[Work to complete] Images are not part of the copy; transcribe all the data exactly.

[The data]
BEGIN

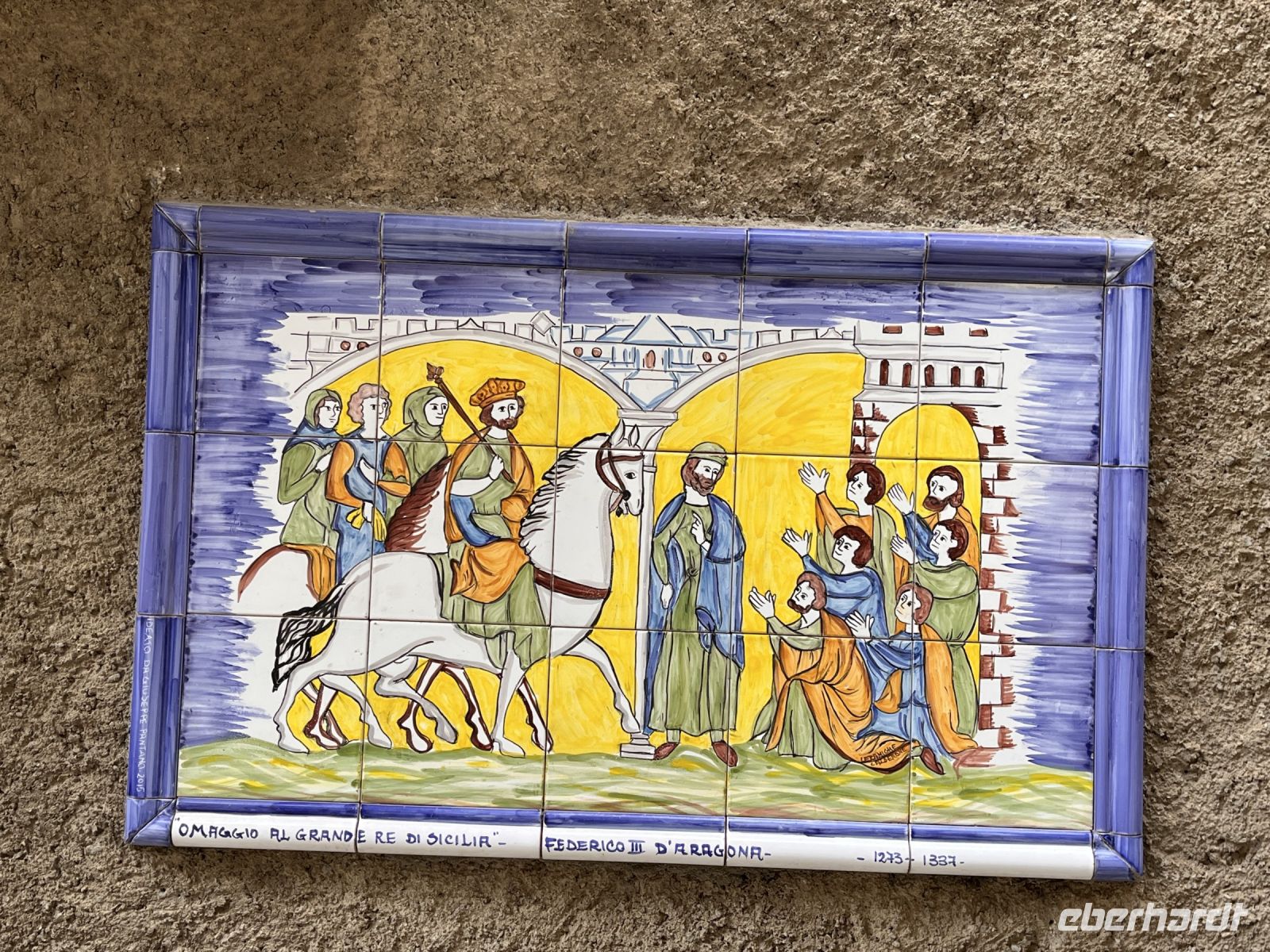 Nach einem köstlichen Frühstück starten wir in den letzten Tag unserer Rundreise. Zunächst fahren wir in das Nebrodi-Gebirge. Auf einer Höhe von über 900 m über dem Meeresspiegel erreichen wir das kleine Dorf Montalbano Elicona. Dieses Dorf soll eines der schönsten in Sizilien sein. Hier bestaunen wir die Burg Friedrichs des Zweiten und besuchen das kleine Museum des Ortes, welches interessante Informationen zur Geschichte des Ortes auf zahlreichen Fotos dokumentiert.
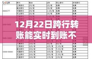 尊敬的读者朋友们,随着金融科技的飞速发展,跨行转账已成为我们日常生活中不可或缺的一部分,特别是在年终岁末的繁忙时段,如12月22日这样的日子,许多人都会关心跨行转账能否实时到账的问题,本文将围绕这一主题,为大家进行详细的科普和解答。
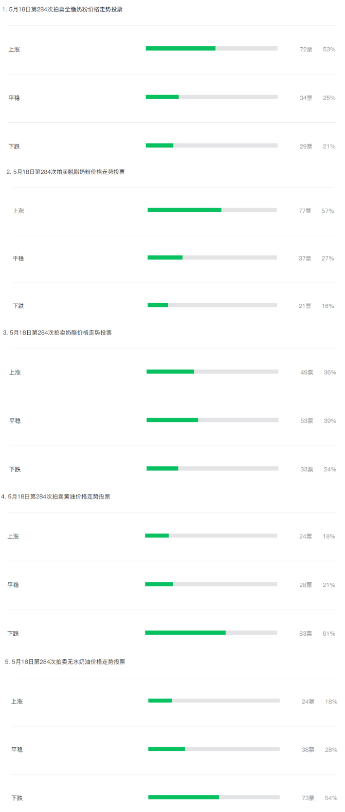 在5月18日第284次拍卖盘前分析中,我们发出了关于全脂奶粉、脱脂奶粉、奶酪、黄油、无水奶油价格走势预测的投票。投票结果如下:
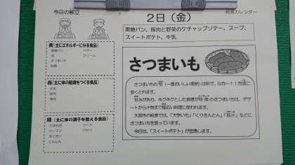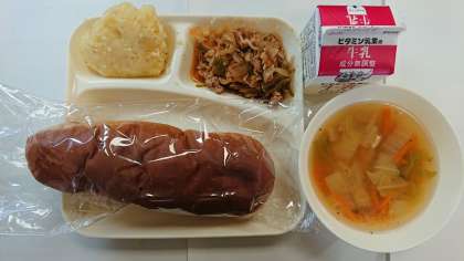 本日の献立は、豚肉と野菜のケチャップソテー、スープ、スイートポテト、黒糖パン、牛乳です。

END

[Task response]
 Nach einem köstlichen Frühstück starten wir in den letzten Tag unserer Rundreise. Zunächst fahren wir in das Nebrodi-Gebirge. Auf einer Höhe von über 900 m über dem Meeresspiegel erreichen wir das kleine Dorf Montalbano Elicona. Dieses Dorf soll eines der schönsten in Sizilien sein. Hier bestaunen wir die Burg Friedrichs des Zweiten und besuchen das kleine Museum des Ortes, welches interessante Informationen zur Geschichte des Ortes auf zahlreichen Fotos dokumentiert.
 尊敬的读者朋友们,随着金融科技的飞速发展,跨行转账已成为我们日常生活中不可或缺的一部分,特别是在年终岁末的繁忙时段,如12月22日这样的日子,许多人都会关心跨行转账能否实时到账的问题,本文将围绕这一主题,为大家进行详细的科普和解答。
 在5月18日第284次拍卖盘前分析中,我们发出了关于全脂奶粉、脱脂奶粉、奶酪、黄油、无水奶油价格走势预测的投票。投票结果如下:
 本日の献立は、豚肉と野菜のケチャップソテー、スープ、スイートポテト、黒糖パン、牛乳です。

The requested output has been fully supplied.